» **Requirement**:
Stopping right after the line with "O Rotary Club", please reproduce the material below exactly from its first line.
□ □ □ □ □
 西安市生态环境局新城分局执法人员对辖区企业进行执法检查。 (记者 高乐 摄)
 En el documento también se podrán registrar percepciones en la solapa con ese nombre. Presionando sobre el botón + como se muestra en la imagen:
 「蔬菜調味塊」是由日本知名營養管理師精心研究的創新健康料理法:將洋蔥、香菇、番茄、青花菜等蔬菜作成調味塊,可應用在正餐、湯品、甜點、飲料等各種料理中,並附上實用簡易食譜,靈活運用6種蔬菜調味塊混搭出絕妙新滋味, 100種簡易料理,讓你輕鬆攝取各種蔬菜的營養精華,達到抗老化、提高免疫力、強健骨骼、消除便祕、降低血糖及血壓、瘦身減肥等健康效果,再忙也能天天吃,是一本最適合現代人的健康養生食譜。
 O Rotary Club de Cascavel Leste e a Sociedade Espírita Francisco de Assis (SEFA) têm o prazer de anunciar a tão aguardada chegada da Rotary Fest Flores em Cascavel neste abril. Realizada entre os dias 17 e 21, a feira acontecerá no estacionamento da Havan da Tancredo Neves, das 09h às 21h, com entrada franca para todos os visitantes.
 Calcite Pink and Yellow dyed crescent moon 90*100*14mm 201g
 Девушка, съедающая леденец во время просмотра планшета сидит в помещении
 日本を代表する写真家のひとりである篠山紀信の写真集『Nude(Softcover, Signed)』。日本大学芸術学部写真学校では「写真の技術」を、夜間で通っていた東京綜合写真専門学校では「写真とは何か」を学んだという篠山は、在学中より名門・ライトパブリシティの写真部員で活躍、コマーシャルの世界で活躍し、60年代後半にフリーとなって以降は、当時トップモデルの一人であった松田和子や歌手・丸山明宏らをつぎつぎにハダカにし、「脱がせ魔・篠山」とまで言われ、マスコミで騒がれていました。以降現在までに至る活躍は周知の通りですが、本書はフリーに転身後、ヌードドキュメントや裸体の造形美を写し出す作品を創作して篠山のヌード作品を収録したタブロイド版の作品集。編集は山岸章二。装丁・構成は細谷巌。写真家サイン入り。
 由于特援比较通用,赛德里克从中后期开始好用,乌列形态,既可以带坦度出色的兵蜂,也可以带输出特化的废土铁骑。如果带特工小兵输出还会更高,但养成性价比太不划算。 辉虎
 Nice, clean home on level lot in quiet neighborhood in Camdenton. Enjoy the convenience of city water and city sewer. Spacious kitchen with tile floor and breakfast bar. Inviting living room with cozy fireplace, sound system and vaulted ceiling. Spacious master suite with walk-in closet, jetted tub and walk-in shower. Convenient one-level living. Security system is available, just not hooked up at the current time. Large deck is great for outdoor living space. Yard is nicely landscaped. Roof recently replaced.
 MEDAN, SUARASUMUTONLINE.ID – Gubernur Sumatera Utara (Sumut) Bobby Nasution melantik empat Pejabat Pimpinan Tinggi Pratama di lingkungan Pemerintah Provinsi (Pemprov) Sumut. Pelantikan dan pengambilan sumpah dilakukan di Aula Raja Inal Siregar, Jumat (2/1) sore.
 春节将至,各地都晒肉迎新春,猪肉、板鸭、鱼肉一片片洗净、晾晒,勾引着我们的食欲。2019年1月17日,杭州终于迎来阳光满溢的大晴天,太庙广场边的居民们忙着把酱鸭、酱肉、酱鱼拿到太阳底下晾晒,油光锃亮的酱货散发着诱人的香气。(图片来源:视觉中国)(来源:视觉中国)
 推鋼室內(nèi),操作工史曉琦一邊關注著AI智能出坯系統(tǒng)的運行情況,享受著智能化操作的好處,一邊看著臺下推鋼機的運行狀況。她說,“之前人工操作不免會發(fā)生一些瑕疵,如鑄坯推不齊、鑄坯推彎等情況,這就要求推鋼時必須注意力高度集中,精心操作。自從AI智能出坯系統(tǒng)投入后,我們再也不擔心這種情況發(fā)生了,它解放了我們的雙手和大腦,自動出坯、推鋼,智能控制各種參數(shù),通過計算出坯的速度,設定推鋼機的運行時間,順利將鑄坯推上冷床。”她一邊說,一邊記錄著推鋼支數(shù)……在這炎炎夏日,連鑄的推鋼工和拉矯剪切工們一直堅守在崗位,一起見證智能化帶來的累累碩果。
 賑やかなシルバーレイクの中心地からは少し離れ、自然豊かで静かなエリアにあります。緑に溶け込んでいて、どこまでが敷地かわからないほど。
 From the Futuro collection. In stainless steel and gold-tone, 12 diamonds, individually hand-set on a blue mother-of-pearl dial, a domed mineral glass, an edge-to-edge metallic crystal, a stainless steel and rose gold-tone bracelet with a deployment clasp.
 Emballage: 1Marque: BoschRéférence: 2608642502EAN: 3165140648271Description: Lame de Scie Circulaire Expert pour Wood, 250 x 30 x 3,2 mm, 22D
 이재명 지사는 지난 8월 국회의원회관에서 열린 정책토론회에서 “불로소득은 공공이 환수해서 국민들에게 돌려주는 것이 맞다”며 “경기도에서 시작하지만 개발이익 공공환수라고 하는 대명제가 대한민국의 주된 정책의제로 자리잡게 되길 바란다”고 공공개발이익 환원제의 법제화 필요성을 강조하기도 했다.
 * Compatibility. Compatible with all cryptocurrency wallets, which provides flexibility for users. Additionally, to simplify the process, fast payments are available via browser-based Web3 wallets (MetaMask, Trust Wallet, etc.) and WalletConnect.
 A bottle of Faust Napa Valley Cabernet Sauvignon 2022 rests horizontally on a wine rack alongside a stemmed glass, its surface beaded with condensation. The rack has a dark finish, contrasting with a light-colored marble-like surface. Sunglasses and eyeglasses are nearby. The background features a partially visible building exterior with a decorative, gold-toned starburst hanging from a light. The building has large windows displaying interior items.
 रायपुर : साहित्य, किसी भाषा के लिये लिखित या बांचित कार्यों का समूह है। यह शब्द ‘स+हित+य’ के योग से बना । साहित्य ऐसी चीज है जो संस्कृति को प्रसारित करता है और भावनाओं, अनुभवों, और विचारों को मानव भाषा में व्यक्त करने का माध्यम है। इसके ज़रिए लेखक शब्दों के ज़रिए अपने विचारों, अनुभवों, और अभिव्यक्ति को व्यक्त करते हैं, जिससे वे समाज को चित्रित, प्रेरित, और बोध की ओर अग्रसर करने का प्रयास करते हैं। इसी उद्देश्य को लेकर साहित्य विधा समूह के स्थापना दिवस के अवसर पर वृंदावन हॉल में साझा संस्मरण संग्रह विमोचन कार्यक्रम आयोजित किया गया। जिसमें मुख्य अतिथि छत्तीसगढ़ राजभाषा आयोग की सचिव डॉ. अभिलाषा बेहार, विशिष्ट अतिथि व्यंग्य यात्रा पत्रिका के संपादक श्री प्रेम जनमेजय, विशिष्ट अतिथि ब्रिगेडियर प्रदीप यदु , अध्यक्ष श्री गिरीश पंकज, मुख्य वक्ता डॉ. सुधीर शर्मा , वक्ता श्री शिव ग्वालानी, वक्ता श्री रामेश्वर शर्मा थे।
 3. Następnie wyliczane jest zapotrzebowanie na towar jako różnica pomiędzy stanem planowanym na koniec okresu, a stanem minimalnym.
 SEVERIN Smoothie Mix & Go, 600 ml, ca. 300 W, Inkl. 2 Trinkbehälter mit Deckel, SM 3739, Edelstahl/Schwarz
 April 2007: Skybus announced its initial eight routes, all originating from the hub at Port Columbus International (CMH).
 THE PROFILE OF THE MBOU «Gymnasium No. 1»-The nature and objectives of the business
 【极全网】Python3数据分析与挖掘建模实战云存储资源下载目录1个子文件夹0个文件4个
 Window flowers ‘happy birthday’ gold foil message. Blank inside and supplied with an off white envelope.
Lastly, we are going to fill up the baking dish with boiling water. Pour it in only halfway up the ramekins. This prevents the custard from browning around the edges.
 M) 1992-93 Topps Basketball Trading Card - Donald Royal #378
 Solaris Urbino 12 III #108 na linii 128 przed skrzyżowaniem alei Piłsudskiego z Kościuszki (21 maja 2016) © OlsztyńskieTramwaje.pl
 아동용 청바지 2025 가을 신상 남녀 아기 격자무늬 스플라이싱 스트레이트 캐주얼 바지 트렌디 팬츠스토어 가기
□ □ □ □ □
» **Result**:
 西安市生态环境局新城分局执法人员对辖区企业进行执法检查。 (记者 高乐 摄)
 En el documento también se podrán registrar percepciones en la solapa con ese nombre. Presionando sobre el botón + como se muestra en la imagen:
 「蔬菜調味塊」是由日本知名營養管理師精心研究的創新健康料理法:將洋蔥、香菇、番茄、青花菜等蔬菜作成調味塊,可應用在正餐、湯品、甜點、飲料等各種料理中,並附上實用簡易食譜,靈活運用6種蔬菜調味塊混搭出絕妙新滋味, 100種簡易料理,讓你輕鬆攝取各種蔬菜的營養精華,達到抗老化、提高免疫力、強健骨骼、消除便祕、降低血糖及血壓、瘦身減肥等健康效果,再忙也能天天吃,是一本最適合現代人的健康養生食譜。
 O Rotary Club de Cascavel Leste e a Sociedade Espírita Francisco de Assis (SEFA) têm o prazer de anunciar a tão aguardada chegada da Rotary Fest Flores em Cascavel neste abril. Realizada entre os dias 17 e 21, a feira acontecerá no estacionamento da Havan da Tancredo Neves, das 09h às 21h, com entrada franca para todos os visitantes.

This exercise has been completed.